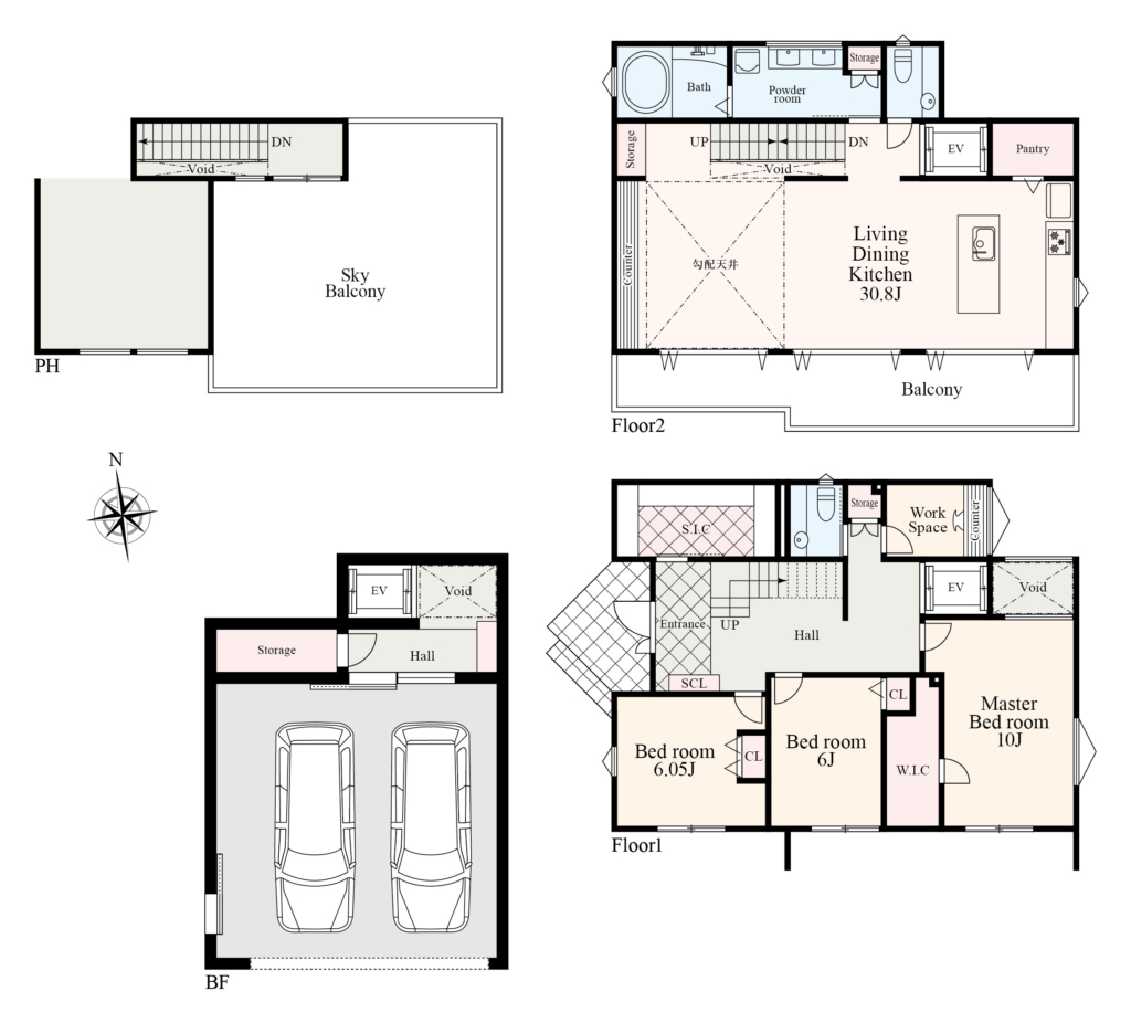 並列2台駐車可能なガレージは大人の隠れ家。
※ ※ ※
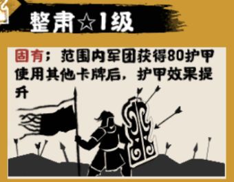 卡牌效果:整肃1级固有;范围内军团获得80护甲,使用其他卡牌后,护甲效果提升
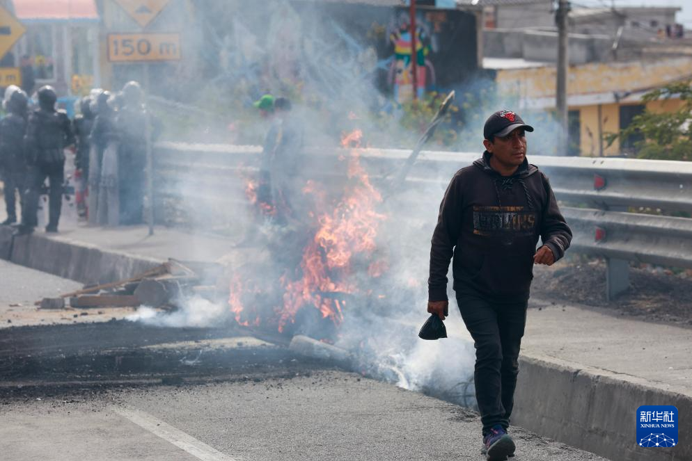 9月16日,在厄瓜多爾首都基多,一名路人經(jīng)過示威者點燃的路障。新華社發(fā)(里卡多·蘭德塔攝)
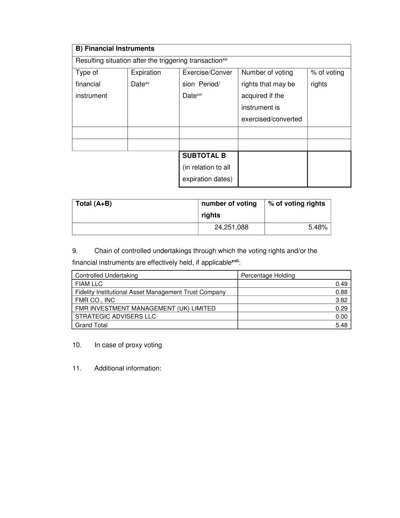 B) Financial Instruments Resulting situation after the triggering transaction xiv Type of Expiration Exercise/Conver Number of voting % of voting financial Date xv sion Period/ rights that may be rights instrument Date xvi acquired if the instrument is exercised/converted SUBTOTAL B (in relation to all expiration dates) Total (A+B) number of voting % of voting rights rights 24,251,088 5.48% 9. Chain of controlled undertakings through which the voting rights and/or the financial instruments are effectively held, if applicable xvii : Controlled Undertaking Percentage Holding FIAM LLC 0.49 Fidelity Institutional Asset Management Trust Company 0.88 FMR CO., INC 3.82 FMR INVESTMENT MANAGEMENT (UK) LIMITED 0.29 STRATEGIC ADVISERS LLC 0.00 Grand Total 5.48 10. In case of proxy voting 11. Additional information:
※ ※ ※
## Exercise prompt
Leaving out the pictures, please output the lines in the entries above from the one with "卡牌效果:整肃1级固有;范围内军团获得80护甲,使用其他卡牌后,护甲效果提升" through the one with "9月16日,在厄瓜多爾首都基", exactly as they are.

## Answer to this problem
 卡牌效果:整肃1级固有;范围内军团获得80护甲,使用其他卡牌后,护甲效果提升
 9月16日,在厄瓜多爾首都基多,一名路人經(jīng)過示威者點燃的路障。新華社發(fā)(里卡多·蘭德塔攝)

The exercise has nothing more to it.